Virality principles to bake in: problem-mirror hook, hope loop (transformation after the problem), audio pattern-interrupt (a whoosh SFX on the cut), mannerisms = trust, room presence (a touch of reverb on the VO so it reads recorded-in-a-room, not studio), CTA urgency (specific, low-friction).

Framing + realism

Handheld smartphone-UGC feel, eye-level, 9:16. Natural indoor light, not flat phone-flash.
Photoreal creator. Skin pores, micro-detail, slight asymmetry — fold the anti-AI-slop / photoreal-still register in (ralphy guideline list; see MEMORY.md anti-ai-slop + photoreal-still notes). A flawless face is the giveaway.
Generate the creator anchor with the product in hand or near the face for the first-frame reference.

Default model stack (verify against MODELS.md)

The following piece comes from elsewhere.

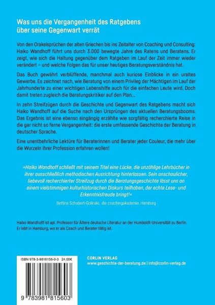 Von den Orakelsprüchen der alten Griechen bis ins Zeitalter von Coaching und Consulting: Haiko Wandhoff führt uns durch 3.000 bewegte Jahre des Ratens und Beratens. Er zeigt, wie sich die Haltung gegenüber dem Ratgeben im Lauf der Zeit immer wieder verändert ¿ und welche Folgen das für unser heutiges Beratungsverständnis hat. Das Buch gewährt verblüffende, manchmal auch kuriose Einblicke in ein uraltes Gewerbe. Es zeichnet nach, wie Beratung von einem Privileg der Mächtigen im Lauf der Jahrhunderte zu einer wichtigen Lebenshilfe, auch für die einfachen Leute, wird. Doch damit treten zugleich die Beratungskritiker auf den Plan¿ In zehn Streifzügen durch die Geschichte und Gegenwart des Ratgebens macht sich Haiko Wandhoff auf die Suche nach den Ursprüngen unseres aktuellen Beratungsbooms. Das Ergebnis ist eine ebenso eingängig erzählte wie sorgfältig recherchierte Reise in die gar nicht so ferne Vergangenheit: die erste umfassende Geschichte der Beratung in deutscher Sprache. Eine unentbehrliche Lektüre für Beraterinnen und Berater jeder Couleur, die mehr über die Wurzeln ihrer Profession erfahren wollen!

Script: the scenarist LLM (callLLM) — feed it max context (product, target pains, the niche's viral patterns, the chosen hook framework).
Creator + product keyframes: google/gemini-3-pro-image-preview (nano-banana-pro). Generate 3-5 variants, pick the most realistic.
i2v (multi-shot talking creator): kwaivgi/kling-v3.0-pro — direct it shot-by-shot (each cut = creator speaks → product close-up → reaction → CTA). Kling --audio carries the EN VO + lipsync; for non-EN, VO via ElevenLabs (confirm target language at intake — see MEMORY.md Kling-no-RU-audio).
Music: separate ElevenLabs Music pass, instrumental, post-mixed in the editor (no artist names — MEMORY.md).
Captions: per-slot on the locked VO.

Workflow

Intake. Collect: product (name / URL / image), target audience + their pain, hook type (problem-solution / before-after / testimonial / transformation — or let the agent pick), target language, hard "no"s. Announce: "This is a UGC ad — using the UGC-ad skill." Defaults: 9:16, ~15s.
Reference gate. Named real brand product → get a ref or logged --no-ref-consent. No-name → proceed.
Script. Produce the timestamped shooting-script table; get the user's "go".
Creator persona anchor (with product), then per-beat anchors — one beat at a time with checkpoints.
i2v per beat (Kling, directed shot list), then VO/SFX, then music post-mix, then captions, then ralphy render <id>.
Hand off to /evaluator for the post-render quality gate.

Cookbook

"Make a UGC ad for my no-name vitamin-C serum" → no ref needed; problem-mirror hook (dull skin), creator persona, ~15s 9:16. Match this skill, run the pipeline.
"Creator ad for the Dyson Airwrap" → named real product → reference gate fires; ask for a ref photo first.
"Same ad but with a different creator" → NOT this skill → /ugc-model-swap.